----- Given records -----
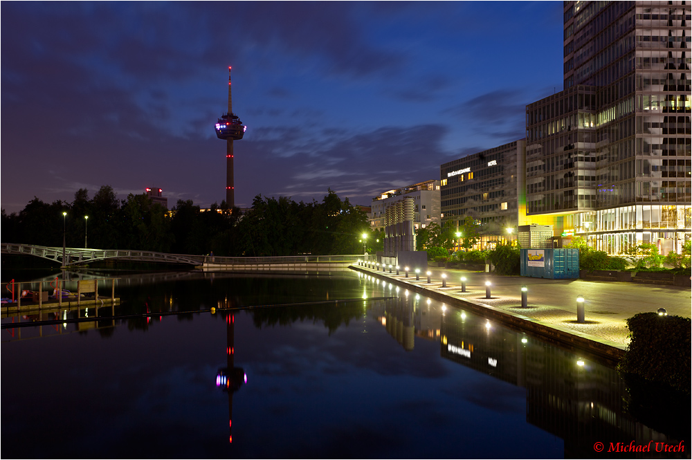 Der 266m hohe Fermeldeturm 'Colonius' mit Spiegelung.
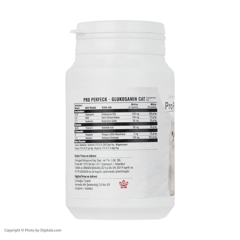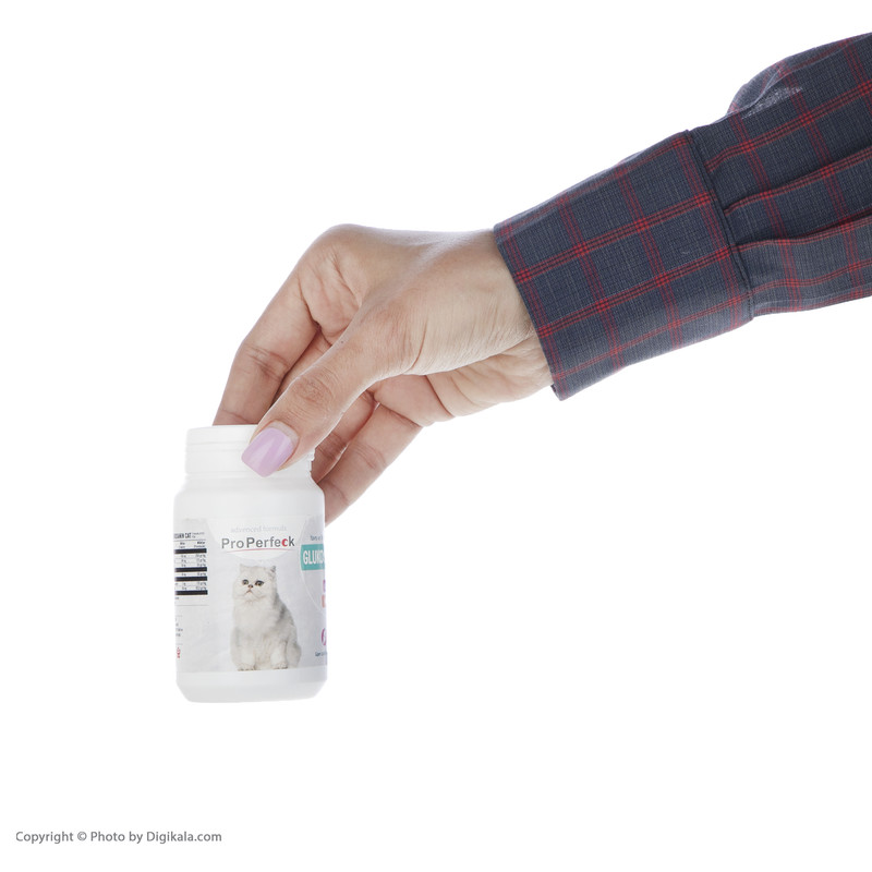قرص گلوکوزآمین پروپرفک مخصوص ساخت و تقویت غضروفهای گربه، حاوی ترکیبی از گلوکزآمین، کندروتین، MSM، ویتامین C، منیزیم و کلسیم است. با افزایش سن ظرفیت بدن در تولید مقادیر کافی گلوکز آمین و کندروتین کاهش می یابد و در نتیجه مفاصل در معرض آسیب بیشتری قرار میگیرند. از این رو استفاده از این ترکیب در سنین بالا برای گربه ها بسیار توصیه می شود. گلوکزآمین یک قند آمینی است که به طور طبیعی در بدن ساخته میشود و برای ساخت هیالورونیک اسید که مادهی اصلی تشکیل دهندهی غضروف است و سبب لغزنده بودن مفصل میشود بکار میرود. این ترکیب همچنین تولید مایع مفصلی را افزایش داده و از این طریق اثرات ضد التهابی خود را بر روی مفاصل اعمال میکند. گلوکز آمین نقش مهمی در حفظ حالت ارتجاعی تاندونها داشته و در نتیجه مانع از در رفتگی و آسیب استخوانها میشود. کندروتین نیز دارای اثرات سینرژیستی با گلوکوز آمین بوده با مهار آنزیمهای الاستاز و هیالورونیداز (که سبب تخریب غضروفها میشوند) انع از اسیب به غضروفها میشود. ترکیبات MSM موجود در این قرص موجب تسکین مفاصل فرسوده و دردناک، کاهش درد و التهاب استخوان و مفاصل، برطرف کننده خستگی و انرژی ضعیف، و بهبود روند انتقال اکسیژن در بدن گربه می شود.
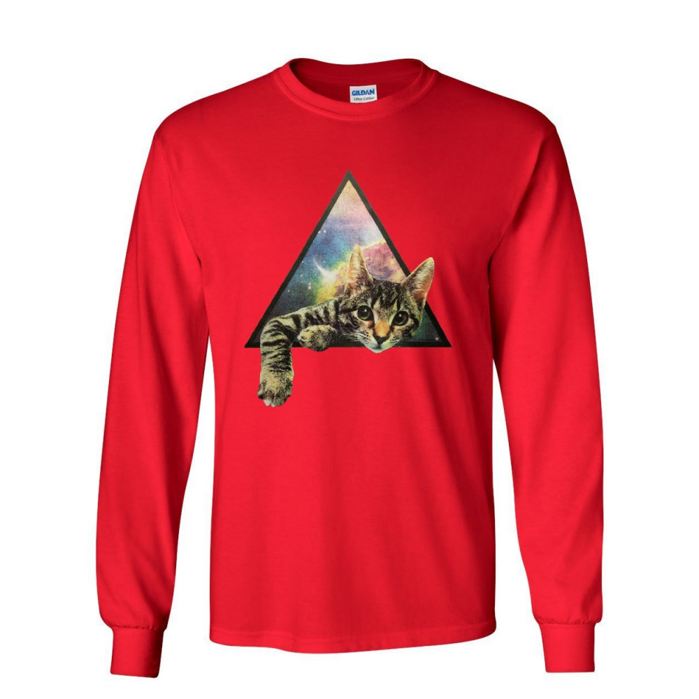 GALAXY CAT long sleeve t-shirt cute kitten pet universe tee red
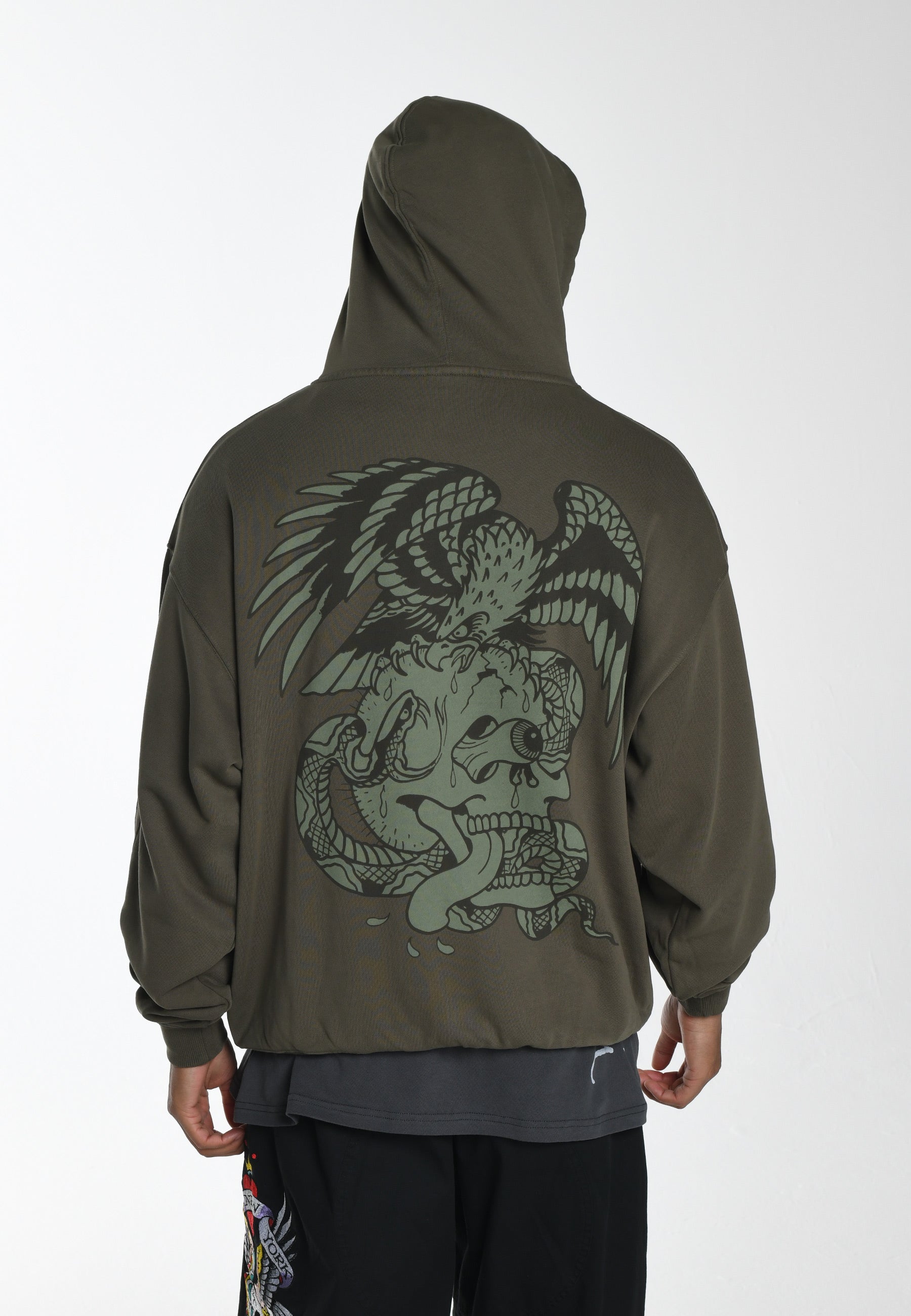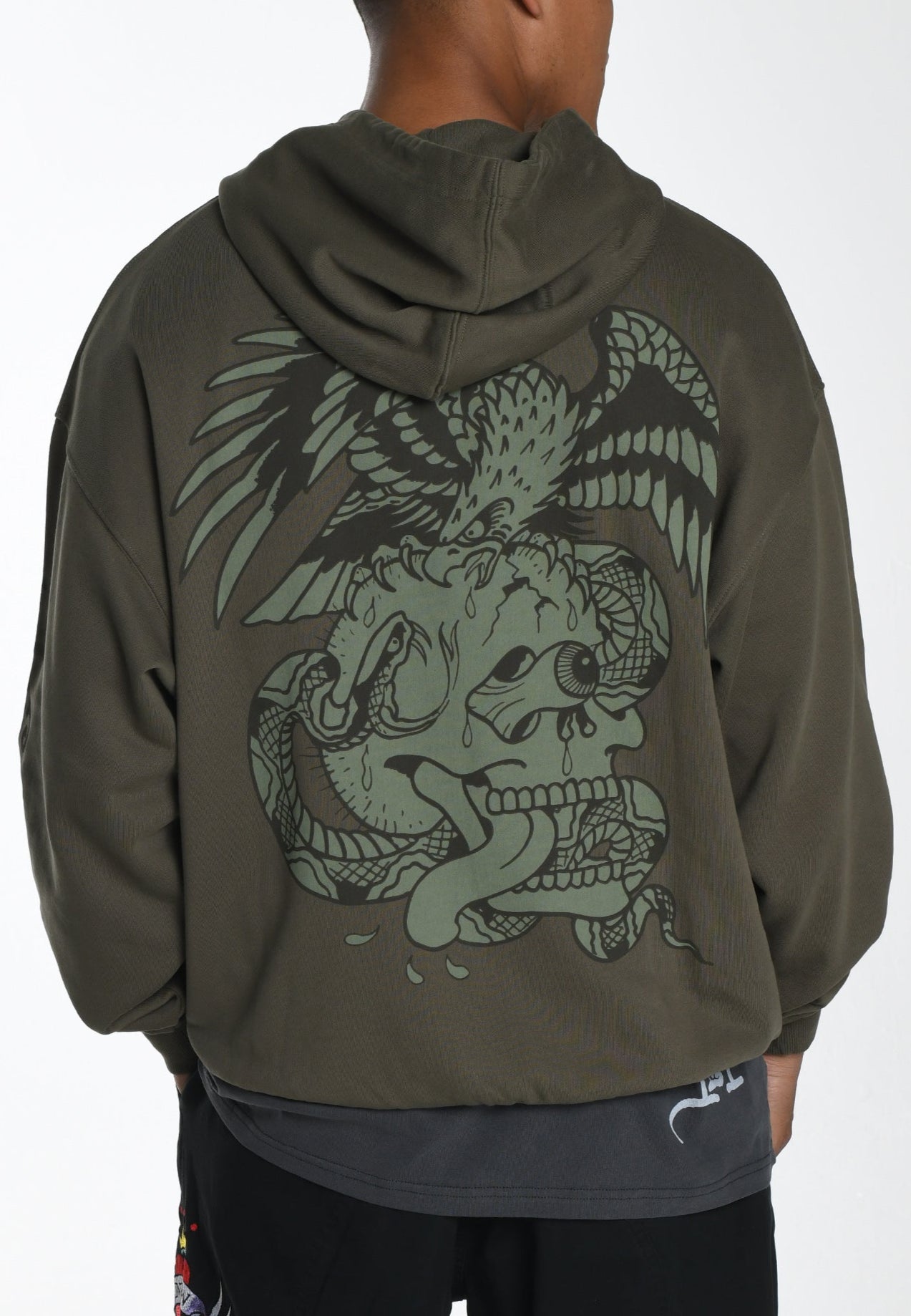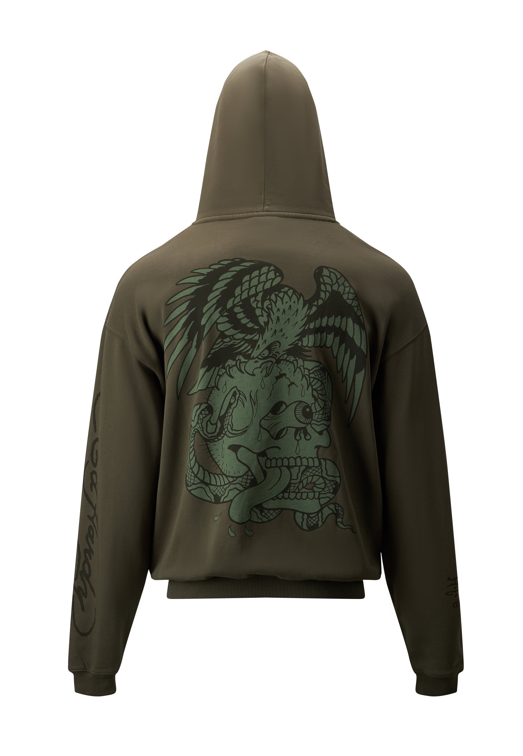 A new-season essential, The Eye Ball Hoodie offers superior comfort in 100% cotton, featuring a faded-green skull graphic on the back and a subtle Ed Hardy monogram on the chest.
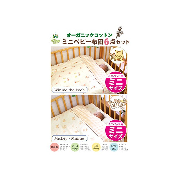 미니 이불 사이즈 【미키 미니】 ※내치수 60×90cm의 미니 사이즈 베이비 베드 대응 <피부에 직접 닿는 부분은 안심 안전의 일본제(세트 내용의 일부는 중국제)>
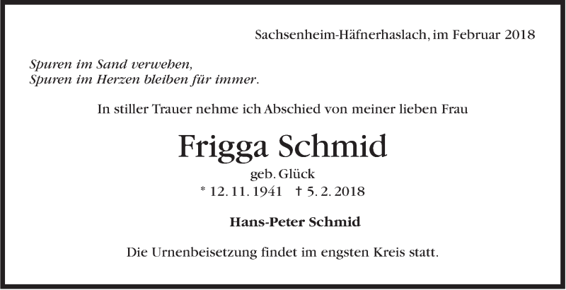 Hier finden Sie alle Traueranzeigen aus der Zeitung, die bisher für Frigga Schmid erschienen sind. Weitere Traueranzeigen, die in der Zeitung erscheinen, werden hier ebenfalls aufgelistet
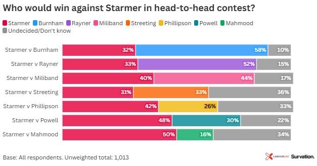Polling conducted by Survation for LabourList found Burnham and Rayner would defeat the incumbent Labour leader and Prime Minister by comfortable margins should an election take place, while Streeting and Miliband have a slight advantage, but within the margin of error.
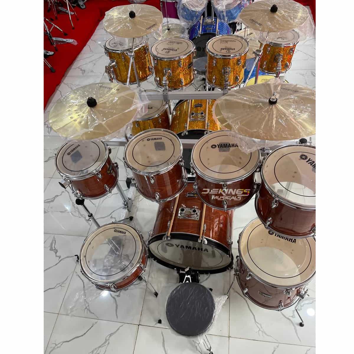 The Yamaha 7-Piece Drum Set is a dynamic, full-scale kit built for serious drummers who crave versatility, power, and precision. Featuring four hanging toms mounted on a long hanging rod, a solid floor tom, snare, and bass drum – this set delivers a broad tonal range that fits every genre from gospel to rock. It comes complete with full hardware and a hi-hat plus two additional cymbals, making it stage-ready straight out of the box. Crafted with Japanese reliability and a sleek professional finish, it’s perfect for churches, studios, and live performances.
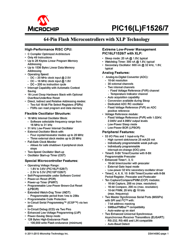 PIC16(L)F1526/1527 64-Pin Flash MCUs with XLP Technology Data Sheet (01/14/2013)
-----
▶ [Task instructions]:
Excerpt from the records above: set down only the lines from the one that contains "미니 이불 사이즈 【미키" through the one that contains "Polling conducted by", inclusive, word for word. Pictures stay out.

▶ [Response below]:
 미니 이불 사이즈 【미키 미니】 ※내치수 60×90cm의 미니 사이즈 베이비 베드 대응 <피부에 직접 닿는 부분은 안심 안전의 일본제(세트 내용의 일부는 중국제)>
 Hier finden Sie alle Traueranzeigen aus der Zeitung, die bisher für Frigga Schmid erschienen sind. Weitere Traueranzeigen, die in der Zeitung erscheinen, werden hier ebenfalls aufgelistet
Polling conducted by Survation for LabourList found Burnham and Rayner would defeat the incumbent Labour leader and Prime Minister by comfortable margins should an election take place, while Streeting and Miliband have a slight advantage, but within the margin of error.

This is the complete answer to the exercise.